### EXERCISE PROMPT:
What you return should be the complete listing, unchanged, with no pictures in it.

### RECORDED DATA:
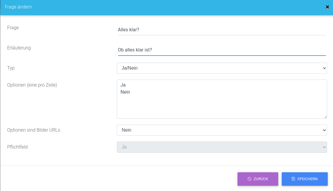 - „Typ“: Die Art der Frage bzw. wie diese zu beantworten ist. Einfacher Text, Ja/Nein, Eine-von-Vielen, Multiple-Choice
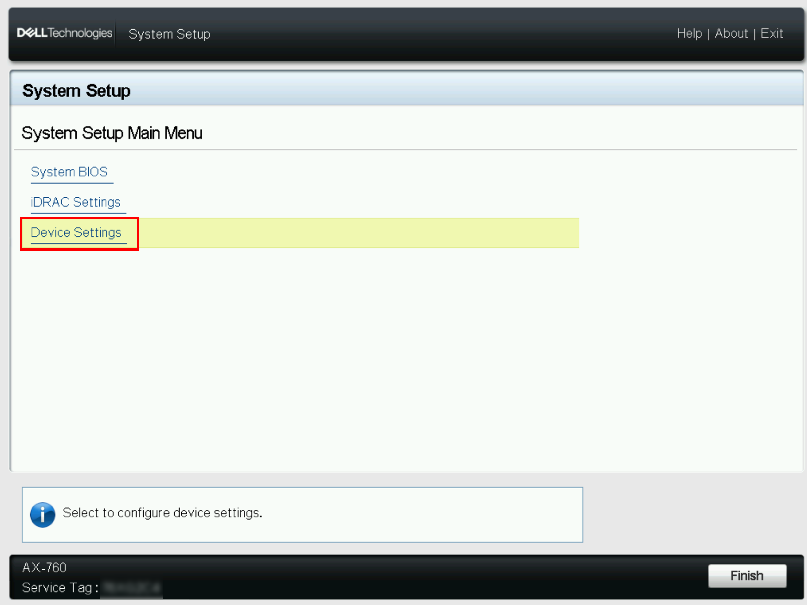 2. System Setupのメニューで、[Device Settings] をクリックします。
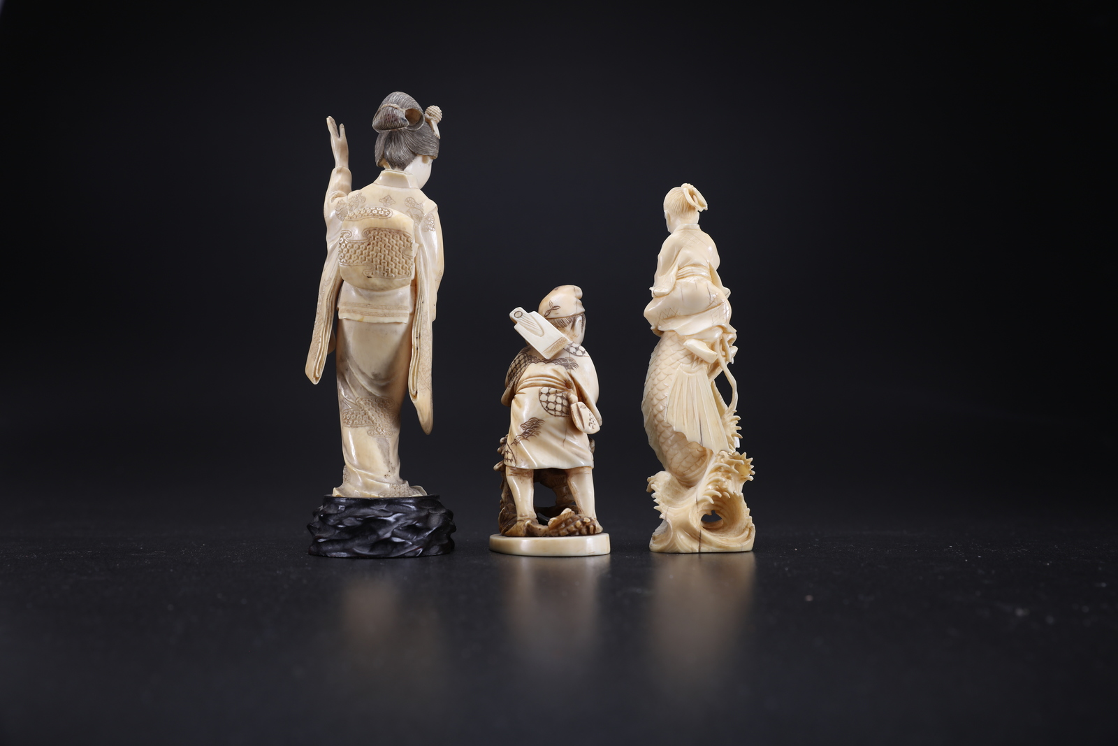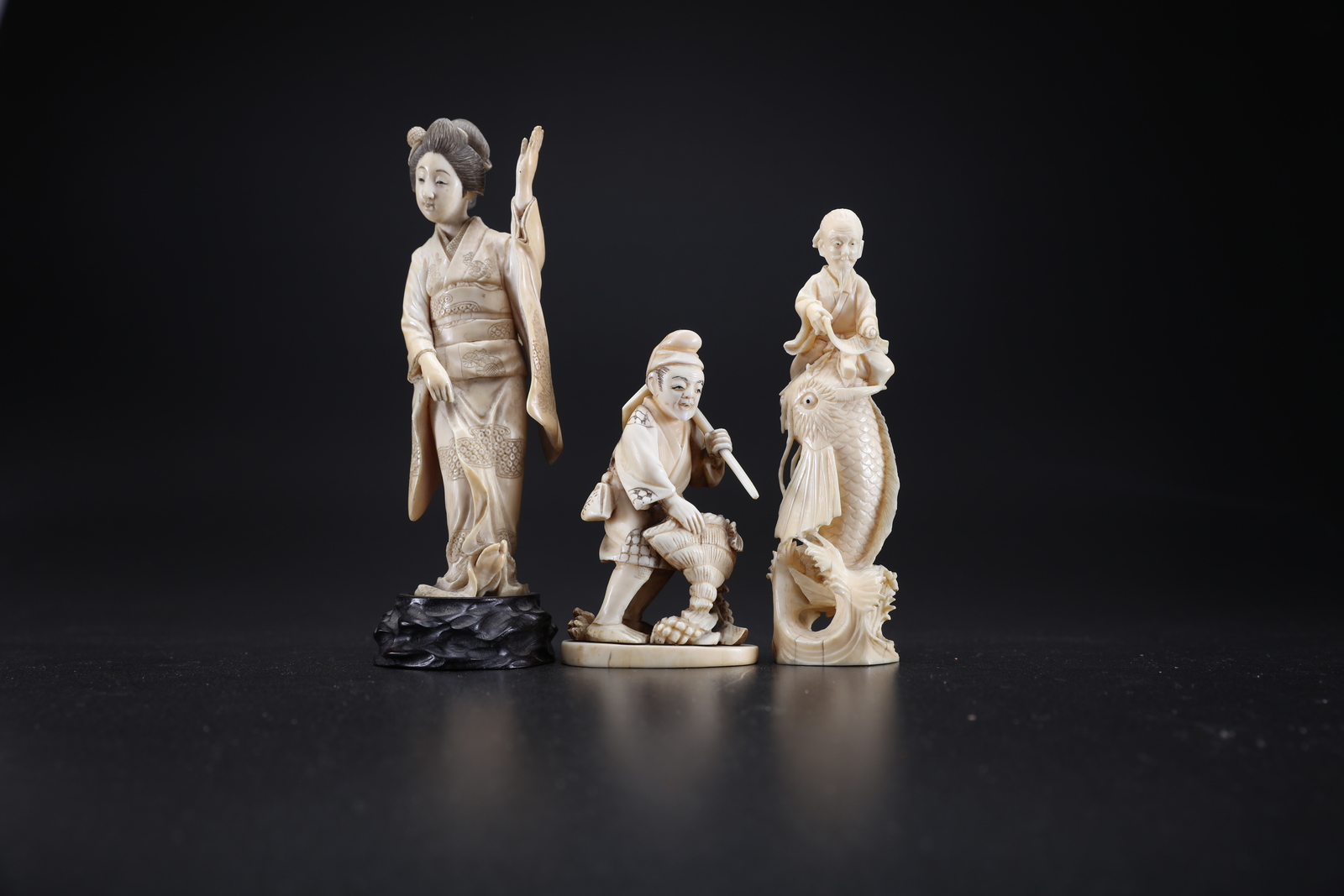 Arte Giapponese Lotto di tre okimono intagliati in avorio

### YOUR RESPONSE:
 - „Typ“: Die Art der Frage bzw. wie diese zu beantworten ist. Einfacher Text, Ja/Nein, Eine-von-Vielen, Multiple-Choice
 2. System Setupのメニューで、[Device Settings] をクリックします。
 Arte Giapponese Lotto di tre okimono intagliati in avorio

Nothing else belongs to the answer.